_Exercise data_
--------------------
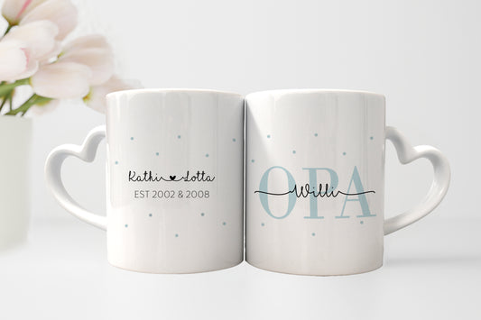 Keramik Herzhenkel Tassen-Set mit Namen + Enkel Geburtsjahr | Oma + Opa
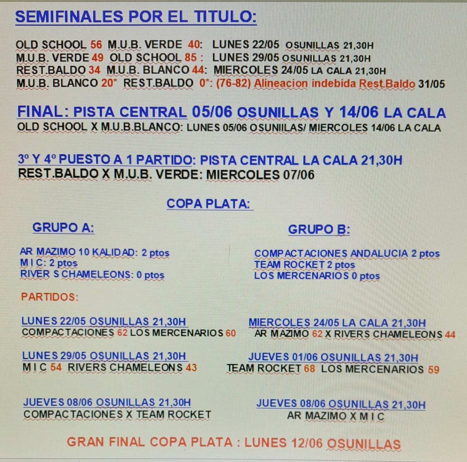 OLD SCHOOL Y M.U.B.BLANCO pasan a la final, y se espera que den 2 buenos partidos en la Pista Central tanto el próximo lunes 5 en Osunillas como el miércoles 14 en La Cala. Asimismo esperemos que lo den todo por el tercer puesto tanto Restaurante Pizzeria BALDO como M.U.B.VERDE el próximo miércoles día 7 de Junio en la Pista Central de La Cala.
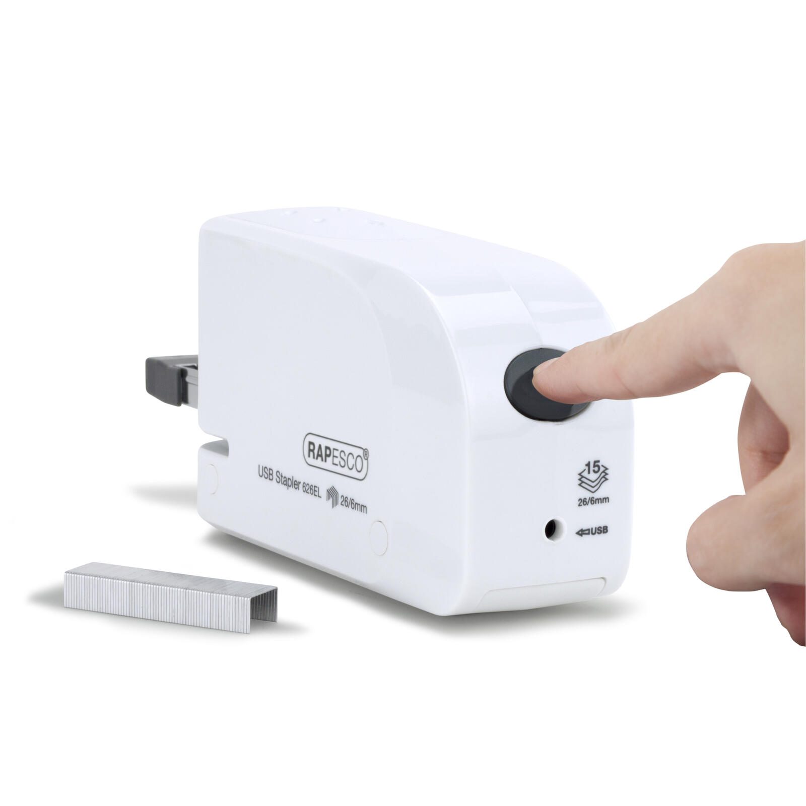 Der RAPESCO® Elektrohefter 626EL in Weiß ist ein elektrisches Heftgerät, das sich durch seine einfache Handhabung und zuverlässige Funktionalität auszeichnet. Er eignet sich für den täglichen Gebrauch im Büro und ermöglicht das schnelle und präzise Heften von Dokumenten. Das Gerät arbeitet mit einer geschlossenen Heftung, wodurch die Klammern sicher und sauber fixiert werden.
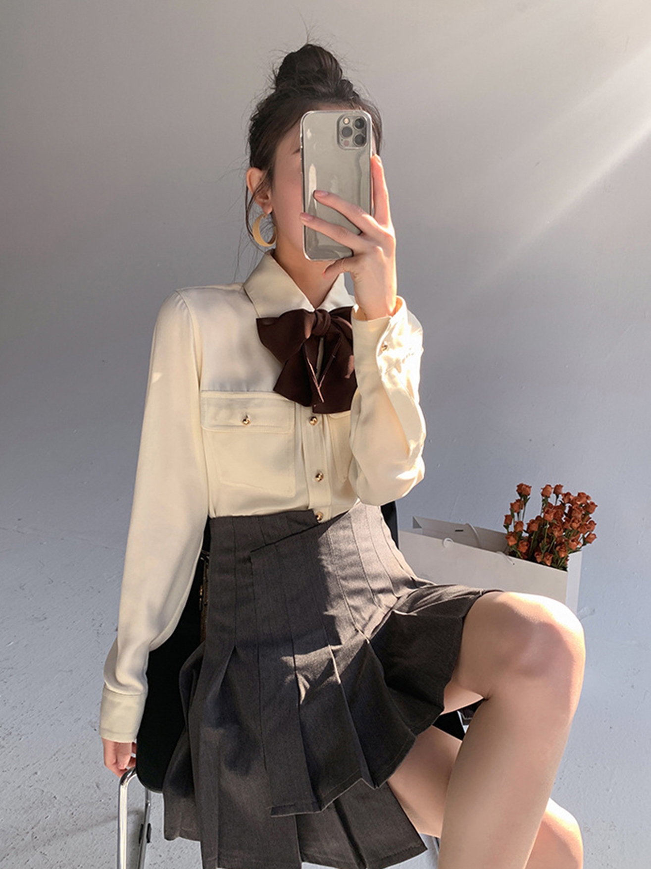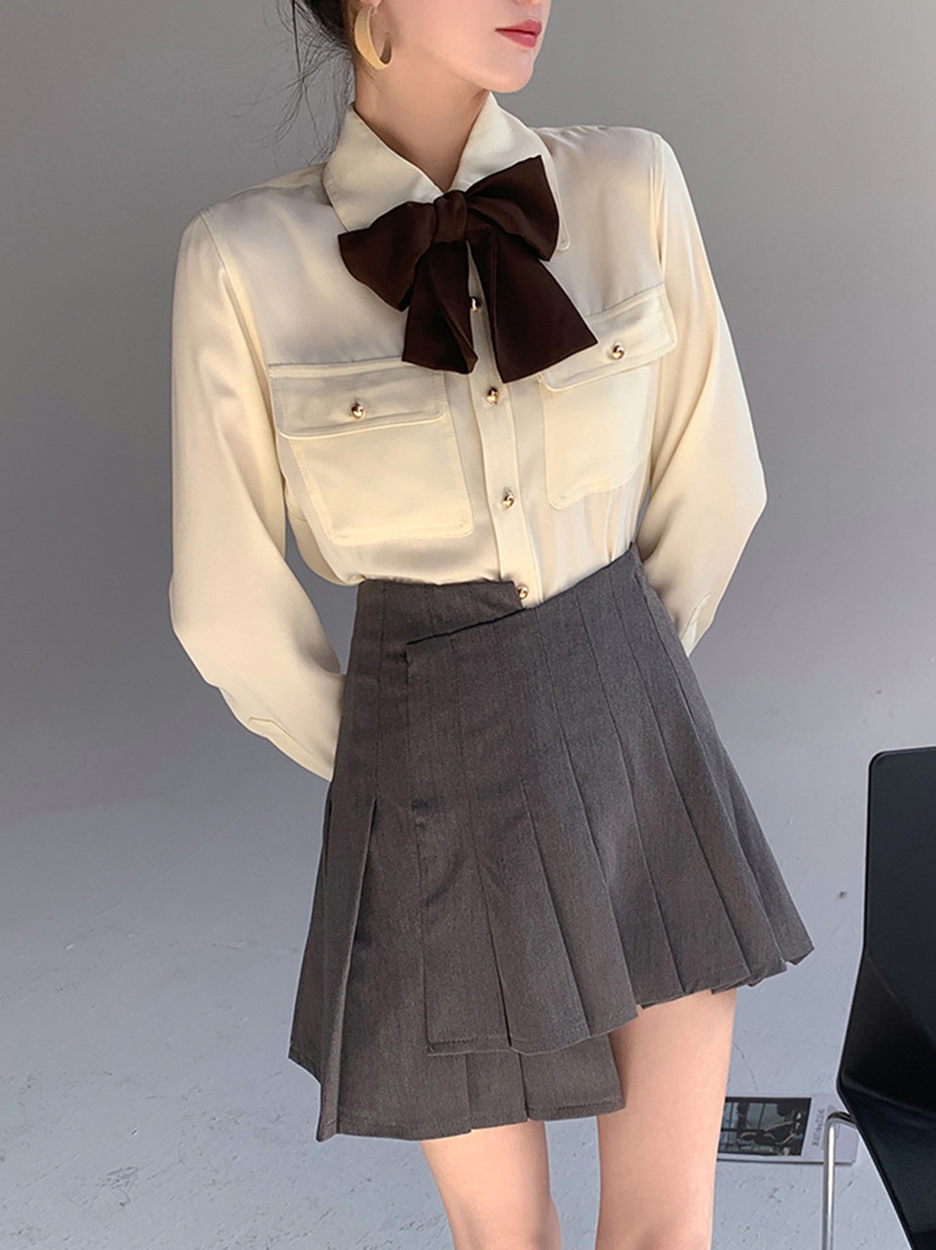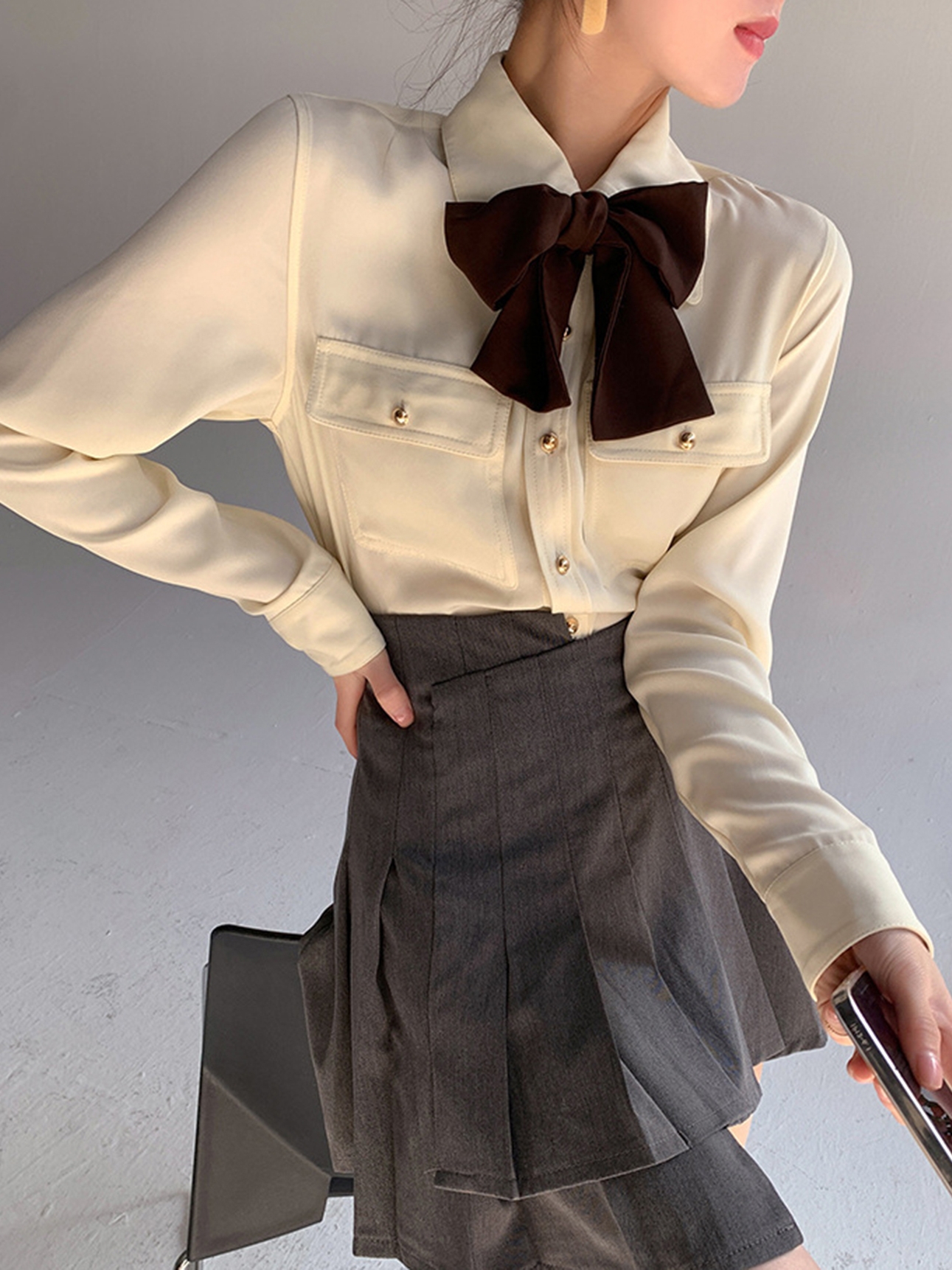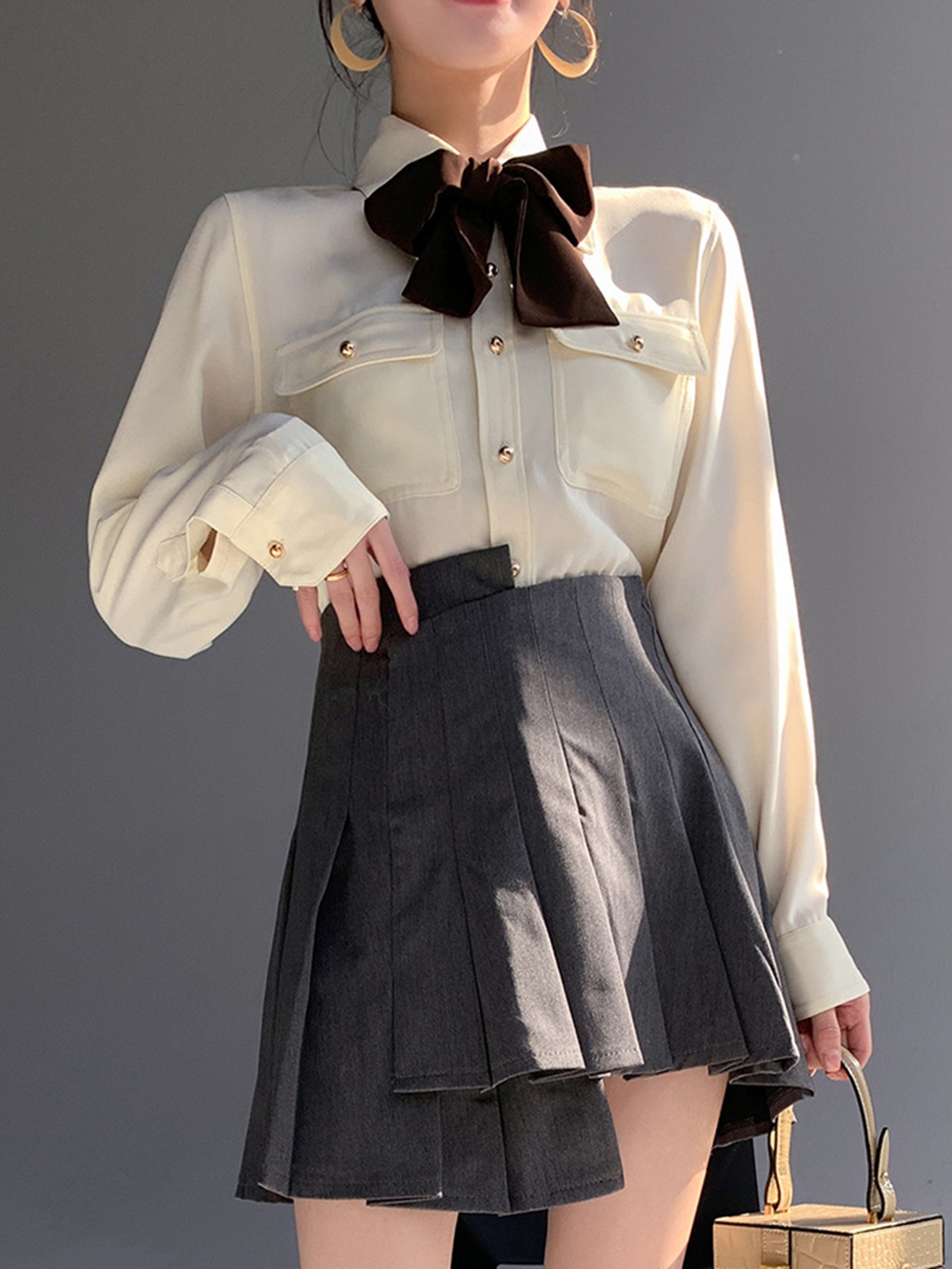 Style details: bow, pocket, button
--------------------
_What you need to do_
For this exercise, repeat word for word only the lines from the one containing "Der RAPESCO® Elektrohefter" through the end of the data, including both. Pictures do not go in the copy.

_Final answer_
 Der RAPESCO® Elektrohefter 626EL in Weiß ist ein elektrisches Heftgerät, das sich durch seine einfache Handhabung und zuverlässige Funktionalität auszeichnet. Er eignet sich für den täglichen Gebrauch im Büro und ermöglicht das schnelle und präzise Heften von Dokumenten. Das Gerät arbeitet mit einer geschlossenen Heftung, wodurch die Klammern sicher und sauber fixiert werden.
 Style details: bow, pocket, button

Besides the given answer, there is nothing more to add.